Question 9: Write a Python program to:
- Load the Iris Dataset
- Tune the Decision Tree’s max_depth and min_samples_split using
GridSearchCV
- Print the best parameters and the resulting model accuracy

In [8]:
from sklearn.datasets import load_iris
from sklearn.tree import DecisionTreeClassifier
from sklearn.model_selection import GridSearchCV, train_test_split
from sklearn.metrics import accuracy_score

# 1. Load the Iris Dataset
iris = load_iris()
X = iris.data
y = iris.target

# Split data into training and testing sets
X_train, X_test, y_train, y_test = train_test_split(X, y, test_size=0.3, random_state=42)

# 2. Tune the Decision Tree max_depth and min_samples_split using GridSearchCV
# Define the parameter grid to search
param_grid = {
    'max_depth': [None, 3, 5, 7, 10],
    'min_samples_split': [2, 5, 10, 15]
}

# Initialize the Decision Tree Classifier
dt_classifier = DecisionTreeClassifier(random_state=42)

# Initialize GridSearchCV
grid_search = GridSearchCV(estimator=dt_classifier, param_grid=param_grid, cv=5, scoring='accuracy', n_jobs=-1)

# Perform the grid search on the training data
grid_search.fit(X_train, y_train)

# 3. Print the best parameters and the resulting model accuracy
print(f"Best parameters found: {grid_search.best_params_}")

# Get the best estimator (model)
best_dt_model = grid_search.best_estimator_

# Make predictions on the test set with the best model
y_pred = best_dt_model.predict(X_test)

# Calculate the accuracy of the best model
accuracy = accuracy_score(y_test, y_pred)
print(f"Accuracy of the best model: {accuracy:.4f}")

Best parameters found: {'max_depth': None, 'min_samples_split': 10}
Accuracy of the best model: 1.0000


Question 10: Imagine you’re working as a data scientist for a healthcare company that wants to predict whether a patient has a certain disease. You have a large dataset with mixed data types and some missing values.
Explain the step-by-step process you would follow to:
- Handle the missing values
- Encode the categorical features
- Train a Decision Tree model
- Tune its hyperparameters
- Evaluate its performance
And describe what business value this model could provide in the real-world setting.

- Handle the missing values: Impute missing numerical values using the mean, median, or mode, and missing categorical values with a new category or the mode.

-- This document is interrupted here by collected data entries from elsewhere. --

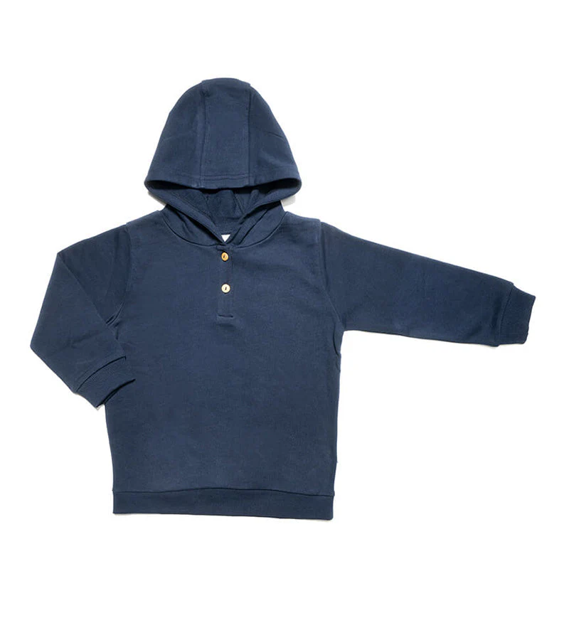 Bequemer Sweathoodie aus 100% Bio-Baumwolle (kbA) in einem mitternachts Indigo, kombiniert mit Rippbündchen an dem Bauch sowie an den Ärmeln. Besonders hautfreundlich und angenehm zu tragen, mit einem Holzknopfverschluss.
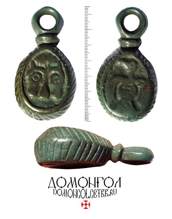 Кистень круглый уплощенный с геральдическими знаками, тип 3А по Кирпичникову, 12-13 вв.
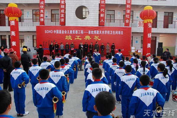 天水市“兒童美德工程”是由潘石屹先生的SOHO中國基金會提出并實施的兒童美德教育工程項目。該項目旨在提升兒童的美德修養(yǎng),挖掘兒童的美德潛能,展示兒童的美德品質(zhì),從小樹立服務(wù)社會的遠大志向。通過在農(nóng)村建設(shè)高標(biāo)準(zhǔn)的衛(wèi)生間,培養(yǎng)農(nóng)村小學(xué)學(xué)生講衛(wèi)生、講文明的良好生活習(xí)慣,促進兒童健康成長,使兒童養(yǎng)成健康文明的優(yōu)良品質(zhì)。其次,通過對教師進行美德課程培訓(xùn),給天水培養(yǎng)一批優(yōu)秀的小學(xué)德育教師,形成一支技能優(yōu)良、方法靈活,教育效果顯著的德育教育教師隊伍。目前,我市已有40名教師在北京進行了為期20天的培訓(xùn);首批援建試點工程、總投資183萬元的10所水沖式學(xué)校廁所也全部完工。
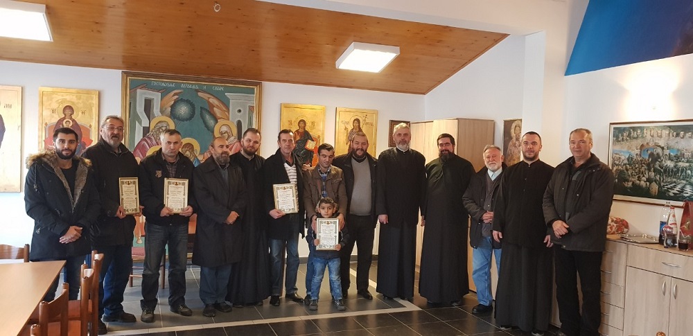 После заамвоне молитве, старешина храма јереј Никола Гаврић уручио је заслужним трудбеницима на великом делу живописања светог храма пригодне парохијске захвалнице које ће их заувек подсећати на благодарност Свете Цркве на њиховој жртвеној љубави и трудољубљу на славу Божју. Захвалницама су награђени радници фирме Косбет, власника г. Николе Косовца из Београда, који је велики добротвор овог и многих других храмова. Поред свега што су чинили и чине за овај свети храм, г. Никола Косовац и његово предузеће су бесплатно уступили и монтирали скелу за захтевни подухват, а дужна благодарност је исказана и фрескописцу г. Миловану Белошевићу и његовим сарадницима који су живопис извели на, заиста, маестралан и непоновљив начин.
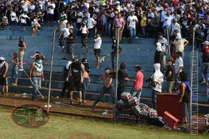 La Policía Nacional reportó varios heridos como consecuencia de los incidentes ocurridos ayer entre fanáticos en la cancha de Pedro Juan Caballero, antes de un partido entre Olimpia y Sol de América.
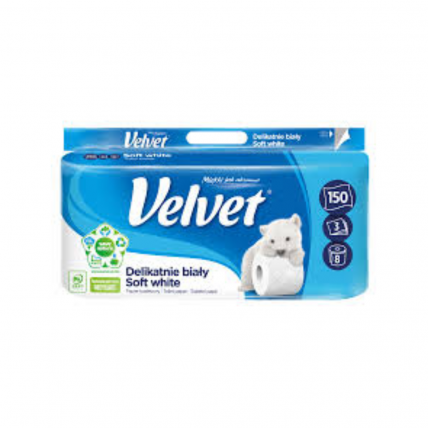# Hartie igienica alba, 3 straturi, Velvet Delicate. # Suluri de lungime standard, realizate din tre..
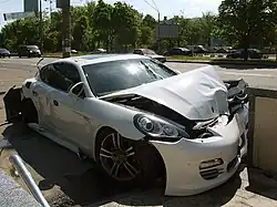 A crashed first-generation Porsche Panamera
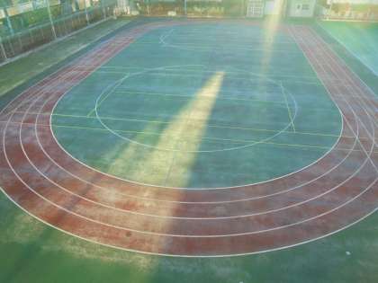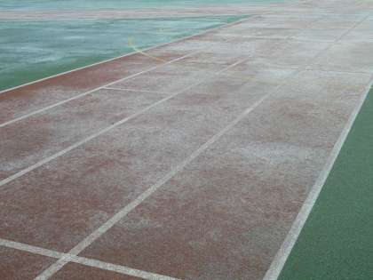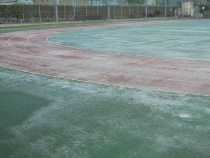 13日(水)の朝、ゴム張りの校庭に霜が降りていました。それだけ気温が低いということです。写真は午前7時の様子です。「子どもたちが転ばないように声をかけよう。」と先生たちが話をしていました。
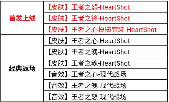 哦对了,其中王者之怒-HeartShot、王者之锋-HeartShot,以及王者之心投掷套装的HeartShot都是首次发售,这些高品质“拉丝”皮肤具有全新特效外观、专属击杀图标、 炫酷消灭特效等诸多特权,后续我们会为大家详细展示。

- Encode the categorical features: Use one-hot encoding for nominal categories and label encoding for ordinal categories to convert them into a numerical format the model can process.

- Train a Decision Tree model: Split the dataset into training and testing sets and fit the Decision Tree model to the training data.

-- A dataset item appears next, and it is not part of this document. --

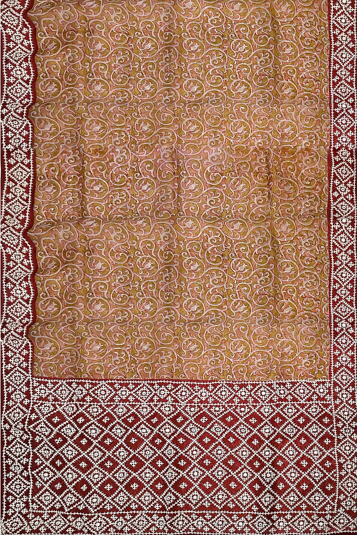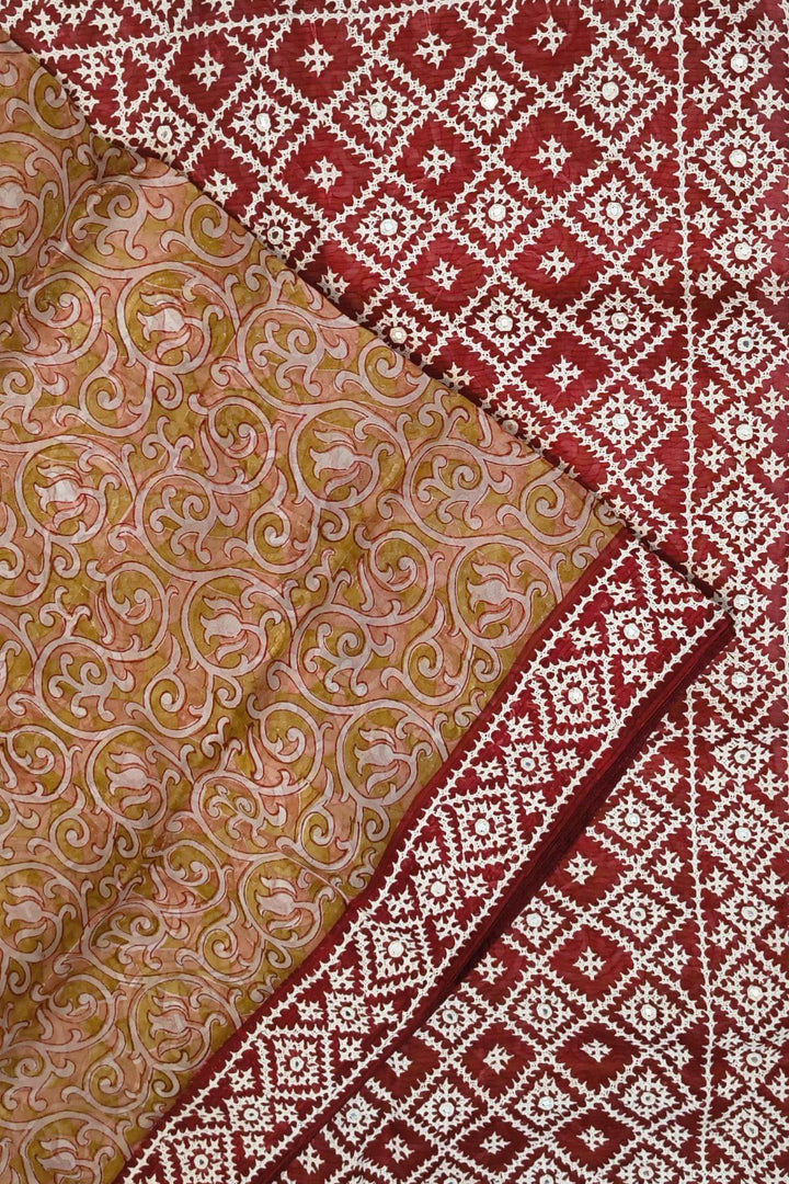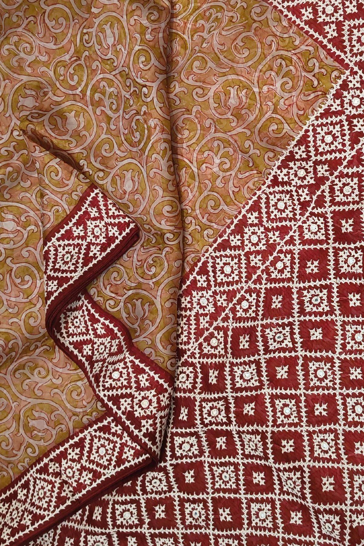 Description : Organza silk saree in mustard & pink with kutch embroidery borders & pallu

- Tune its hyperparameters: Use techniques like Grid Search or Randomized Search with cross-validation to find the optimal values for parameters such as max_depth and min_samples_leaf.

- Evaluate its performance: Assess the model using metrics like accuracy, precision, recall, F1-score, and the confusion matrix on the testing set to understand its effectiveness.

- Business value: The model can assist clinicians with early, data-driven disease prediction, leading to earlier intervention, improved patient outcomes, and potentially reduced healthcare costs.